Big Data, new epistemologies and paradigm shifts

Kitchin, R., 2014. Big Data, new epistemologies and paradigm shifts. Big Data & Society, 1(1), p.2053951714528481.

This article argues that the explosion in the production of Big Data and the advent of new science epistemologies where questions are born from the data rather than testing a theory by analyzing data has far-reaching consequences to how research is conducted. One section evaluates whether the scientific method is rendered obsolete with the production of Big Data. Instead of making educated guesses about systems, constructing hypotheses and models, and testing them with data-based experiments, scientists can now find patterns in data without any mechanistic explanation at all. But in some fields, this doesn’t really matter. For example, in online retail stores Person A might be known to like item A and most people that like item A also like item B. In this situation, the mechanism does not really matter for the retail company to sell more items. Thus, mining the entire population’s behavior for prediction trumps explanation for the retail markets. But the result is an analysis that ignores important effects of culture, politics, policy, etc. So expanding these ideas to the field of biology might include a bioinformatist that view the complexity of biology in a much different way that an experimental molecular biologist. To an informatist, data can be interpreted free of context and domain-specific expertise but it might be low on logical interpretation.

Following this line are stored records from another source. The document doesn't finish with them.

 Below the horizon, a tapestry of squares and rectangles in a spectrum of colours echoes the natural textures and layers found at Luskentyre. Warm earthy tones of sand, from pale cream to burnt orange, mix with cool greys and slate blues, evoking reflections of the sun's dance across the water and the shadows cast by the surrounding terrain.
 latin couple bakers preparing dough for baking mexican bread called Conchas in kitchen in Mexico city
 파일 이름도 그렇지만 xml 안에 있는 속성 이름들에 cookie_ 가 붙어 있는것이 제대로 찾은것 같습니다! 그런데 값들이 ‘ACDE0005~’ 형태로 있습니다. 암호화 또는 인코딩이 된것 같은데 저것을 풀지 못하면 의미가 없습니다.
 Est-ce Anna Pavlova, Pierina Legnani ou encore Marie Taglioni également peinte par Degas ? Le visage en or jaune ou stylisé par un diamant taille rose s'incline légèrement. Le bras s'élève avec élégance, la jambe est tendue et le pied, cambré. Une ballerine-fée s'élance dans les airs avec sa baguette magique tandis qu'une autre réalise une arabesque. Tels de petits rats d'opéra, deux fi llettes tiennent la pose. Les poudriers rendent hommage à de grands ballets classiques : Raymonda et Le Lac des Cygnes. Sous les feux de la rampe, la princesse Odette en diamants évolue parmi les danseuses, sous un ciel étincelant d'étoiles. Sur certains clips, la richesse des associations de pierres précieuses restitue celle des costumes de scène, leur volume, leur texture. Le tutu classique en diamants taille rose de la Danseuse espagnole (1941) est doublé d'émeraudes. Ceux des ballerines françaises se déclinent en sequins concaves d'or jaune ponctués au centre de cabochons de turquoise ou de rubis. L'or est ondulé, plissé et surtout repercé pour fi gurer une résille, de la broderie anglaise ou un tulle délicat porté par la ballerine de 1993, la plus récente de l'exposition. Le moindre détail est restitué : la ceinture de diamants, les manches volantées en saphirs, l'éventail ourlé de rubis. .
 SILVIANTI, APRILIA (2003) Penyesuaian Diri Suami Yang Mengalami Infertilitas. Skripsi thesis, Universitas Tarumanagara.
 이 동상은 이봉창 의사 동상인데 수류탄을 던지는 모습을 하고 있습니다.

The evolution of science through four broad paradigms based on the method of data collection
The evolution of science through four broad paradigms based on the method of data collection

It seems to me that the majority of ecologists are aware of the concerns that Kitchin raises and would probably side with him on most points, especially when thinking about mechanisms causing patterns rather than settling with knowing the correlations that coincide with them. Nevertheless, I think it was a good read and one that helped me contextualize some disagreements between Big Data and production of new science.

A climate of uncertainty: accounting for error in climate variables for species distribution models

Stoklosa, J. et al., 2015. A climate of uncertainty: accounting for error in climate variables for species distribution models R. B. O’Hara, ed. Methods in Ecology and Evolution, 6(4), pp.412–423.

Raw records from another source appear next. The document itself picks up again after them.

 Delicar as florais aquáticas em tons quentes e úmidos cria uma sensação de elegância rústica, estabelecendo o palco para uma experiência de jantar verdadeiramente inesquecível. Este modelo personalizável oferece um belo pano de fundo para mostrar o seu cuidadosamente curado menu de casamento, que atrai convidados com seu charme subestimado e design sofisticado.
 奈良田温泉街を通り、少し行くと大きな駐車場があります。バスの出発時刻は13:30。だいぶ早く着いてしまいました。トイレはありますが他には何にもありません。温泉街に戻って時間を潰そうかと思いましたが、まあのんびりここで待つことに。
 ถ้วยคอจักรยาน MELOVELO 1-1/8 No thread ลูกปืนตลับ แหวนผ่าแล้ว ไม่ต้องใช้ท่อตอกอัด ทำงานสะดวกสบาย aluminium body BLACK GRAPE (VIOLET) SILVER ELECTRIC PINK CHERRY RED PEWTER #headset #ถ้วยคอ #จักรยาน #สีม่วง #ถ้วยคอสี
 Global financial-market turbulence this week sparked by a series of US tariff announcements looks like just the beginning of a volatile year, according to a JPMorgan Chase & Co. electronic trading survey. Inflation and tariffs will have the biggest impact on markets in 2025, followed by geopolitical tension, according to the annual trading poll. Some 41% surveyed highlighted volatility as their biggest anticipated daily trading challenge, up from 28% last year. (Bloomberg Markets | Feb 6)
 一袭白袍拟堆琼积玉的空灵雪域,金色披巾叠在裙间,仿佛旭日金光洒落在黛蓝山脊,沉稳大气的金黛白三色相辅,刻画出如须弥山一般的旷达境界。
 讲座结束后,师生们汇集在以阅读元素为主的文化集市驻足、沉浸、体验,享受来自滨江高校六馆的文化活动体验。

An important consequence of biased parameter estimates is biased projections under changes of environmental variables. There is a large distinction between GLM and the errors- in-variables models.
An important consequence of biased parameter estimates is biased projections under changes of environmental variables. There is a large distinction between GLM and the errors- in-variables models.

Climate variables used in species distribution models are estimates of true spatial climate and are therefore subject to uncertainty. The uncertainty itself can have spatial structure, further complicating consistency of estimates. The authors of this study chose to use PRISM (parameter elevation relationships on independent slopes models) to obtain estimates of climate uncertainty. To do this, they construct grids of approximately 800x800m size and use these estimates as an upper bound to prediction error variance of the climate model.

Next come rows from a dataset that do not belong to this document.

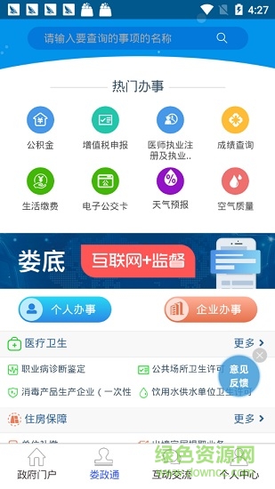 婁政通app是一款服務(wù)于婁底市民的手機政務(wù)服務(wù)客戶端應(yīng)用。提供了便捷的網(wǎng)上辦事、政務(wù)審批、辦事進度查詢等綜合業(yè)務(wù)辦理服務(wù)。真正服務(wù)于老百姓!需要的用戶歡迎在綠色資源網(wǎng)下載使用。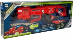 Cette arme est fabriquée en plastique sûr sans bords tranchants, sa sécurité est assurée par la certification CE et elle est conforme à la norme EN 71. L'arme a une portée allant jusqu'à 45 m et convient aux enfants à partir de 6 ans. Le kit comprend un support qui permet de tenir et de viser l'arme confortablement.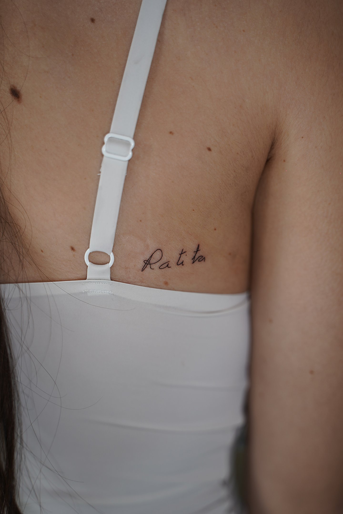 La palabra “ratita”, escrita por otra persona, representa un apodo íntimo y lleno de cariño. Ubicado en una zona discreta de la espalda, el diseño mantiene la delicadeza del trazo original. Es uno de esos tatuajes que solo se enseñan cuando uno quiere.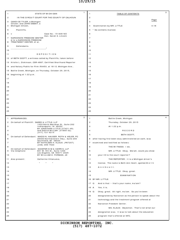 of BETH SCOTT, a witness called by Plaintiffs, taken before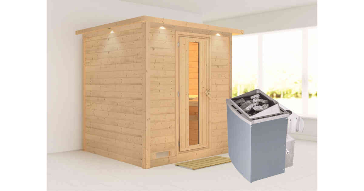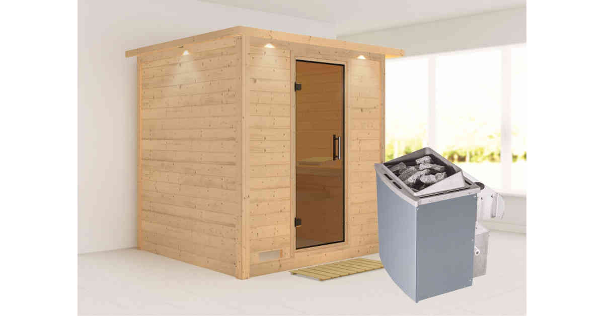 Ein Ort der Ruhe und Entspannung in den eigenen Vier Wänden. Nach einem stressigen Tag die Seele baumeln lassen und sich von der wohligen Wärme in einer Sauna verwöhnen ohne das Haus verlassen zu müssen. Dies ist möglich mit unserer 38 mm Massivholzsauna Mojave. Die stabile Konstruktion mit 38 mm Bohlen aus nordischem Fichtenholz wird im einfachen Steck-/ Schraubsystem montiert. Durch die massiven Vollholzwände wird im Saunainneren ein ideales Raumklima nach finnischem Vorbild geschaffen. Ein optional wählbarer Dachkranz inkl. 3 LED-Spots setzt die Sauna gekonnt in Szene. Wählen Sie eine von vier möglichen Türvarianten und passen Sie Ihre Sauna den eigenen Vorstellungen optimal an. Ob energiesparend mit einer Holztür mit Isolierglas, klassisch mit einer bronzierten Ganzglastür, modern mit einer Ganzglastür in graphitfarben oder schlicht mit einer klaren Ganzglastür. Hier ist garantiert das Richtige für Sie dabei. Mit einem Außenmaß von 196 x 196 x 200 cm (B/T/H) besitzt die Sauna Mojave die ideale Größe zum Entspannen und Wohlfühlen. Erweitern Sie Ihre Möglichkeiten mit dem optional erhältlichen 9kW-Bio-Kombiofen. Neben einer klassischen finnischen Sauna haben Sie hier die Möglichkeit einer Kräuterdampf-Kur, einem Dampfbad und einer Familiensauna. So wird es zu einem Saunaerlebnis für die ganze Familie. Lassen Sie sich von der wohltuenden Wirkung des Saunabadens überzeugen. Bei regelmäßiger Anwendung fühlen Sie sich nicht nur deutlich entspannter. Zusätzlich wirkt es sich positiv auf den Stoffwechsel aus, verfeinert das Hautbild und unterstützt den Stressabbau. Um ein besonderes Sauna-Gefühl zu schaffen, wird die Sauna mit Saunaliegen und einer Kopfstütze ausgestattet. Durch eine extra breite Saunaliege von 62cm Breite wird Ihnen ein besonders angenehmer Liegekomfort geboten. Ein Ofenschutzgitter schützt Sie vor Verbrennungen durch den Saunaofen. Mit einer optional erhältlichen Salzkristall Vital Sole oder der Salzkristall-Leuchte können Sie Ihre Atemwege befreien und wieder tief ein- und ausatmen. Genießen Sie die zahlreichen Vorteile des Saunieren und schaffe Sie einen Ort der Ruhe mit der Massivholzsauna Mojave.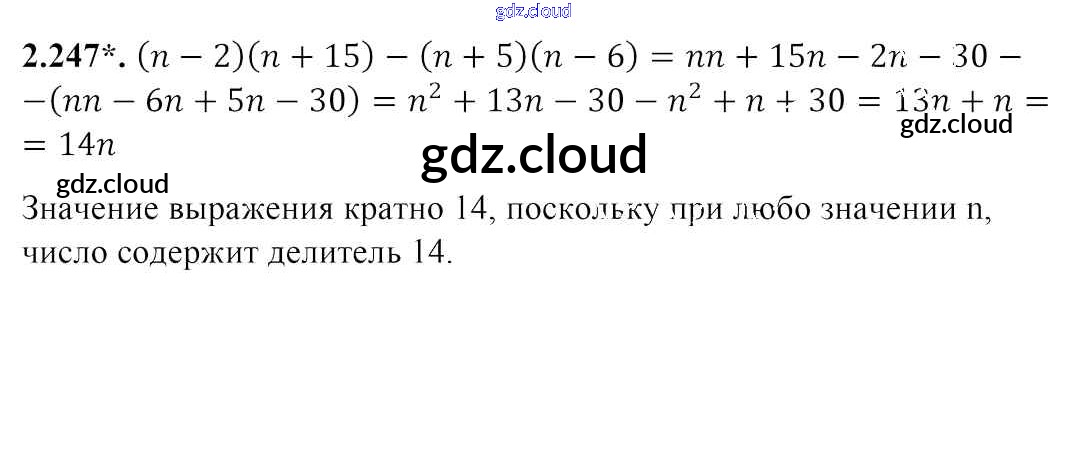 Ответ на задание 2.247 Учебник Алгебра за 7 (седьмой) класс Арефьева, Пирютко 2017 онлайн и без номера телефона.

They also wanted to understand what happens if this uncertainty is ignored. Other fields, such as engineering and medicine, use measurement error models that allow uncertainty in explanatory variables (errors-in-variable) but can sometimes lead to biased estimates. This study used hierarchical modeling and simulation extrapolation to account for errors in explanatory variables. Wren presence/absence data (n=1048 data points) was obtained from birders at several points along a transect of the Eastern US. They test these methods on the Carolina wren in the US and on simulated species to look at how well GLMs predict and project to new scenarios when prediction error is ignored versus when it is accounted for. The main effect of ignoring uncertainty in climate variables was an increase in bias and a decrease in power as the error increases. These methods seem likely to be useful in situations where a species is patchily distributed or in environments that are spatially autocorrelated.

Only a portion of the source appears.